只见莽汉子耀武扬威之后仍旧不解气,从随从手里接过兵器,
竟然是对罕见的大锤。
使锤之人向来是膀大腰圆之辈,气力大如牛,才能提得起七八十斤分量的铁锤。
但是,
莽汉子只是中等身材,竟然也能舞得针扎不进,水泼不入,可见力道之强悍,那身肌肉不是白练的。
舞到尽兴处,大锤轰的声响,将厚厚的楠木桌案砸得四分五裂。
“再没有美人过来给爷败火,就砸碎你这个淫窝。”
汉子兴奋得哇哇乱叫,又高举铁锤朝关二爷的神像砸去。
“呜!”
暗器裹挟着冷风袭来,直取那对铁锤,
莽汉子闻得风声,慌忙出锤迎接,不料手腕恰被击中,痛得哎哟一声,铁锤咣当闷响掉在地上。
“谁,谁敢偷袭大爷?”
莽汉子看见暗器竟是个鸡毛掸子,酒气顿时退去大半。
能将轻飘飘的东西产生出惊人的力道,可知出手之人必是较力的高手。
在颜如玉仰慕的注视下,
南云秋缓缓走下楼梯。
“人家姑娘说得没错,你的嘴巴是够臭的,男子汉大丈夫贵在胸襟气度,使酒斗狠,那是盲流恶棍所为。”
“呵呵,终于出来个带把儿的,你没长眼睛吗,敢在大爷头上动土?”
“我长了眼睛,我是故意的,你能怎么样?”
“好小子,胆量不小,你是这鸡窝里看家护院的?”
“不,我和你一样,也是来这里寻欢作乐找姑娘的。”
南云秋说完,
还瞥向颜如玉,
姑娘羞答答的紧咬银牙,
埋怨他说话也不好听。
“既然都是同路人,你为何要替她们说话?她们本身就是下贱之人,操皮肉生意。怎么,你如此作为,难道她们掌柜的还能陪你白睡?”
遭此羞辱,
颜如玉粉面通红,推开南云秋,就要挤过去动手,
南云秋朝她看看,调侃道:
“自不量力,你是他的对手吗?”
颜如玉摇摇头,羞答答道:
“那你替我好好教训他。”
“我俩素昧平生,为何要帮你?”
“一回生二回熟嘛,大不了,我请你品尝店里的美食。”
南云秋不置可否,迎着莽汉子挑衅的目光,
言道:
“三教九流,没有高低贵贱之分,不管哪个行当都是为了生存,赚钱不易,活着也不易,何必为难她们这些弱女子呢?”

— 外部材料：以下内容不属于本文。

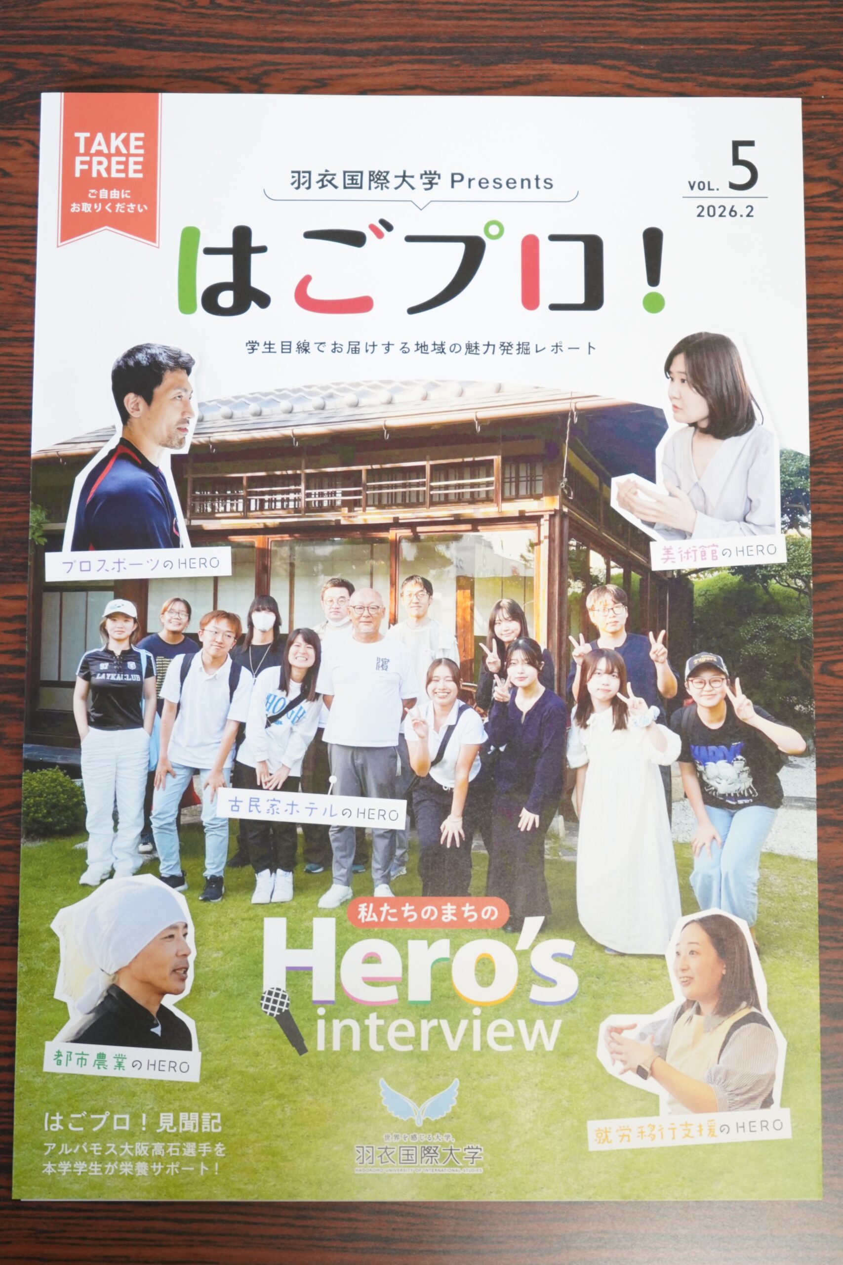 羽衣国際大学周辺にある地域資源を学生目線で取材・発信することを目的に、「はごプロ!」と名付けたフリーペーパーを制作しており、2021年から継続して実施し、今年で5年目を迎えました。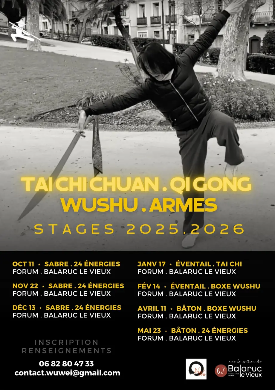De l’automne 2025 au printemps 2026, l’association Wuwei propose au Forum de Balaruc-le-Vieux une série de stages autour des armes traditionnelles (sabre, éventail, bâton) et des pratiques martiales chinoises.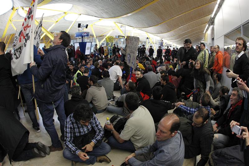 Los que iba a ser una manifestación fuera de la T4 se convirtió en una sentada en el interior de la terminal del aeropuerto madrileño.

“嚯,你这小白脸处处替她们说话,果然是和掌柜的有一腿。”
“闭嘴!趁我还没有发怒,赶紧滚蛋。”
南云秋也被这厮惹恼了,
后面的颜如玉更是愤怒,一个劲的撺掇他揍那小子。
“哟,兔儿相公也会发怒,来来来,让你见识见识,爷这双大锤的厉害,你要是赢了,爷任凭你处置。”
“好!”
兔起鹘落,
南云秋话音还没散尽,闪电之间已窜到其眼前,当胸就是猛击。
对方噔噔后退两步。
“好小子,还敢偷袭爷。”
莽汉子挥舞大锤当头就砸,那架势,面前就是一头公牛都能被砸飞。
南云秋飞身躲开,长刀出鞘径取其面门,孰料对方左手大锤又到,磕在刀身上,震得他手臂酸麻。
好家伙,
力气更够大的,恐怕不输陈天择。
硬拼不行,只能以灵巧制之。
莽汉子见对方不停躲避,更加得意,双锤轮番交错进攻,南云秋连连后退。
莽汉子有恃无恐,见他退到墙壁再无可退,怒吼一声:
“去死吧。”
双锤成钳形攻势,恶狠狠夹击过来。
“小心!”
颜如玉心都跳到嗓子眼,闭起双目不敢看。
等她再睁开眼,
却发现,
莽汉子撞在墙上,额头蹭破了一块皮,人摔在地上。
原来南云秋虚晃一招,却从其腋窝下溜走,反身出脚,踢中对方后背,加上莽汉子本身的惯性,收脚不及而撞倒。
“认输吗?”
“休想,爷要将你锤成肉饼喂狗。哇呀呀!”
莽汉子变聪明了,吃一堑长一智,没有采用泰山压顶的套路,而是海底捞月,双锤从下往上挑起,擦着南云秋面门掠过。
就势,
南云秋使出倒挂紫金梁,双臂着地,双脚出击,狠狠击中对方腋下。
柔软处遭此重创,
莽汉子痛楚难熬,双锤同时被踢飞,险些砸到看热闹的梅礼,惊得他一屁股坐在地上。